As to the support for "mode 0" mentioned in #2649, I'm not clear whether we want to even pretend to support it. The guarantee of no-fail writes within the allocated region would require a whole new bit of on-disk format to support; some sort of per-dataset/per-file reservation along with all the requisite accounting. Given the infrastructure provided by this patch, however, we certainly could "pretend" to support mode 0 if we cared to in order to appease applications which use a "mode 0 test" to determine whether any fallocate operations, including hole punching, are possible. I'm inclined to leave this as-is.

behlendorf · 2014-09-03T18:01:28Z

I'm not clear whether we want to even pretend to support it.

We shouldn't. It's better to be honest with the applications and return that this functionality isn't currently supported rather than pretend we provide this hard guarantee. This is definitely something we could support if someone wanted to work on it. In the meanwhile they can always set a reserveration or a refreservation on the dataset.

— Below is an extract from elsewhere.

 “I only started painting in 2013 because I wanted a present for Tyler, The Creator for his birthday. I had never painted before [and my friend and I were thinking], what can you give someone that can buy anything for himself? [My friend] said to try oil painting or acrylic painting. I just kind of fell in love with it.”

So far so good with the additional testing.

behlendorf · 2014-09-03T22:11:52Z

@dweeezil unfortunately I'm still able to occasionally cause xfstests 124 to fail when operating in the mixed standard/memory mapped mode. This happens perhaps 1/100 times in my testing. I haven't investigated in detail yet but I have an educated guess as to the problem.

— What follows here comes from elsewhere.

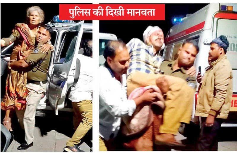 हमेशा विवादों में रहने वाली पुलिस का मानवीय चेहरा नजर आया। सरकारी अस्पताल में सबसे पहले खाचरौद 100 डायल घायलों को लेकर सरकारी अस्पताल पहुंची थी। 100 डायल के आरक्षक प्रदीप बौरासी व पायलट मुदस्सर खान को अस्पतल में स्ट्रेचर तैयार नहीं मिला तो वे घायलों को अपनी गोद में उठाकर ड्रेसिंग रूम तक चले गए।

In order to ensure the data in the page cache pages always matches what's in the ARC the pages and ARC buffers must both be updated under the zfs_range_lock. Otherwise there's a tiny window where they might be inconsistent. Somehow the logic after out: which truncates the page from the cache needs to be pulled under the lock. It looks like that's going to be complicated somewhat by the fact that zfs_extend(), zfs_trunc(), and zfs_free_range() and independently take the lock.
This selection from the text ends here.